**MATERIAL PROVIDED**
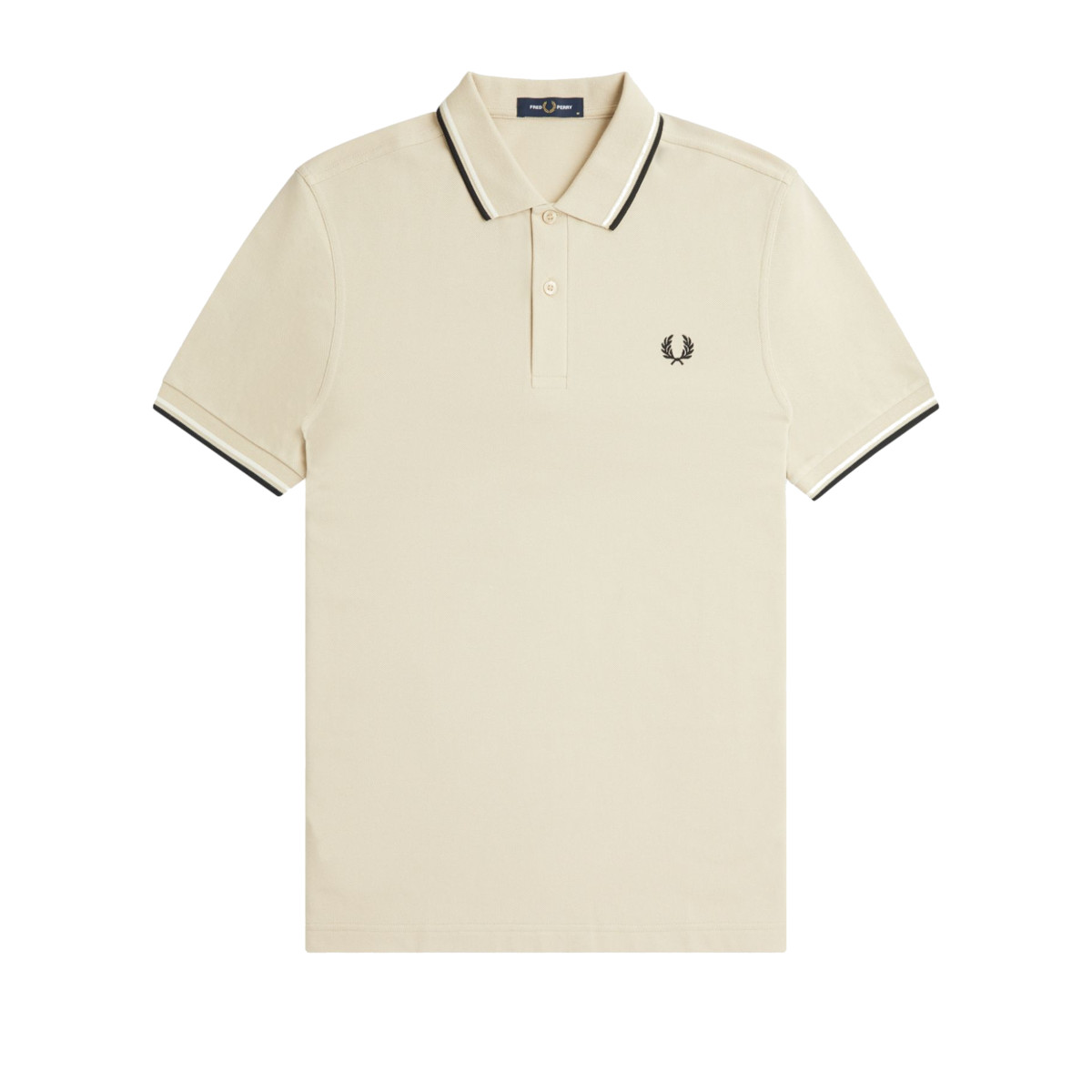 Fred Perry polo shirt in beige (oatmeal) for men. The classic polo comes from Fred Perry's twin tipped collection and is characterized by the two stripes on the collar and piping. The two stripes on the polo collar and the piping are in the colors ecru and black. In addition, the polo has two buttons at the neck. Fred Perry's famous laurel wreath on the left chest. The Fred Perry (M3600) Twin Tipped polo shirts have a contemporary fit. The fashionable Fred Perry polos have the retro tennis design that every sports fashion fan loves. Naturally, the cotton used is of very high quality. The Fred Perry polo fits perfectly over your jeans, chino pants or shorts during the warm days of the year.
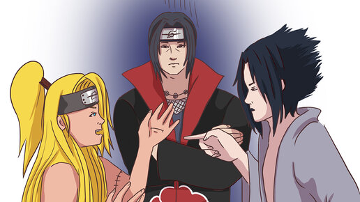 Всем привет! Сегодня хочу поделиться с вами ещё одним моим фан-комиксом по Наруто. На этот раз те, кто недолюбливают друг друга сошлись в ожесточённом споре. Итачи, что же ты сделаешь, что бы угомонить своего младшего брата и неуравновешенного искусствоведа? Вывод: Итачи всегда знал технику волшебного "тыка", это запретное ниндзюцу передавалось из поколение в поколение в их клане, от отца к старшему сыну...
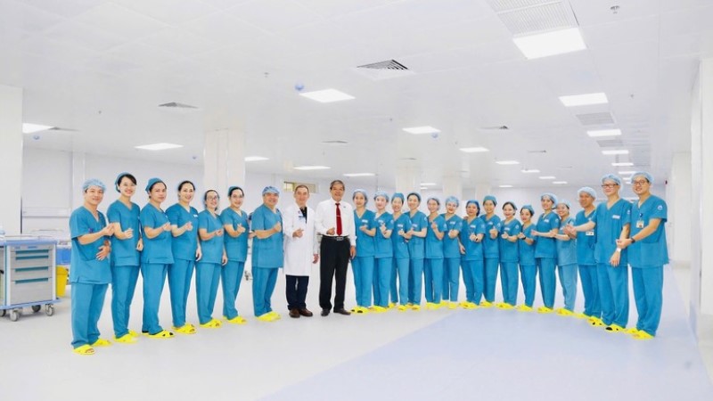 Y bác sĩ tại Bệnh viện Từ Dũ chào mừng công trình y tế mới.
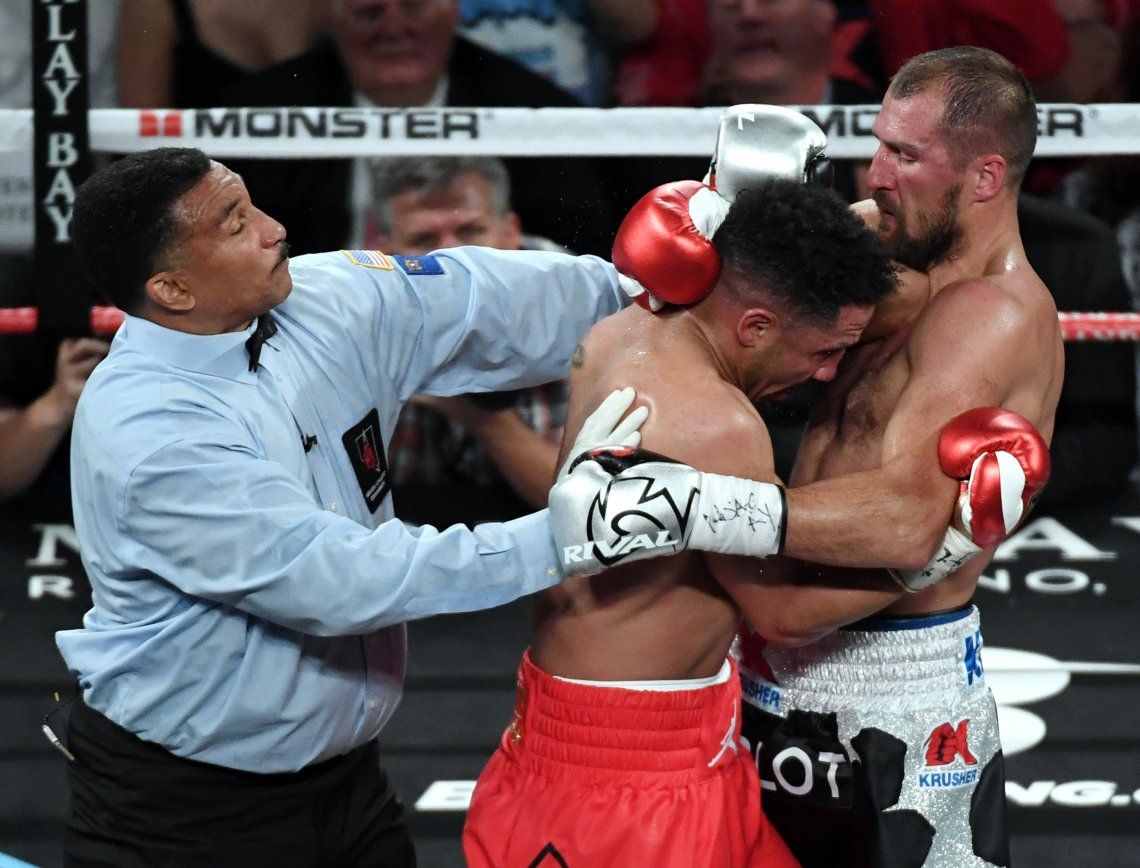 Lo peor fue que sin siquiera darle un minuto de recupero al ruso –las reglas permiten hasta 5 minutos para reponerse de tal acción, caso contrario se pierde por KOT- ni quitarle puntos al campeón, directamente paró la pelea y decretó el KOT a favor de Ward. ¿No podía haber hecho aunque sea una cuenta de protección?
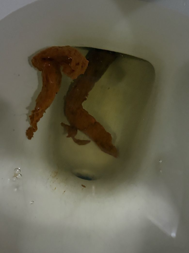 이 정도면 많이 얇은변 인가요? 최근에 계속 얇은변 비스무리하게 누고 있는데 이 정도면 많이 얇은편인지 알수 있울까요?? 변 색깔은 정상인거 같아요

**WHAT YOU HAVE TO DO**
Exactly as written, return every line of the listing, but not the pictures.

**REPLY**
 Fred Perry polo shirt in beige (oatmeal) for men. The classic polo comes from Fred Perry's twin tipped collection and is characterized by the two stripes on the collar and piping. The two stripes on the polo collar and the piping are in the colors ecru and black. In addition, the polo has two buttons at the neck. Fred Perry's famous laurel wreath on the left chest. The Fred Perry (M3600) Twin Tipped polo shirts have a contemporary fit. The fashionable Fred Perry polos have the retro tennis design that every sports fashion fan loves. Naturally, the cotton used is of very high quality. The Fred Perry polo fits perfectly over your jeans, chino pants or shorts during the warm days of the year.
 Всем привет! Сегодня хочу поделиться с вами ещё одним моим фан-комиксом по Наруто. На этот раз те, кто недолюбливают друг друга сошлись в ожесточённом споре. Итачи, что же ты сделаешь, что бы угомонить своего младшего брата и неуравновешенного искусствоведа? Вывод: Итачи всегда знал технику волшебного "тыка", это запретное ниндзюцу передавалось из поколение в поколение в их клане, от отца к старшему сыну...
 Y bác sĩ tại Bệnh viện Từ Dũ chào mừng công trình y tế mới.
 Lo peor fue que sin siquiera darle un minuto de recupero al ruso –las reglas permiten hasta 5 minutos para reponerse de tal acción, caso contrario se pierde por KOT- ni quitarle puntos al campeón, directamente paró la pelea y decretó el KOT a favor de Ward. ¿No podía haber hecho aunque sea una cuenta de protección?
 이 정도면 많이 얇은변 인가요? 최근에 계속 얇은변 비스무리하게 누고 있는데 이 정도면 많이 얇은편인지 알수 있울까요?? 변 색깔은 정상인거 같아요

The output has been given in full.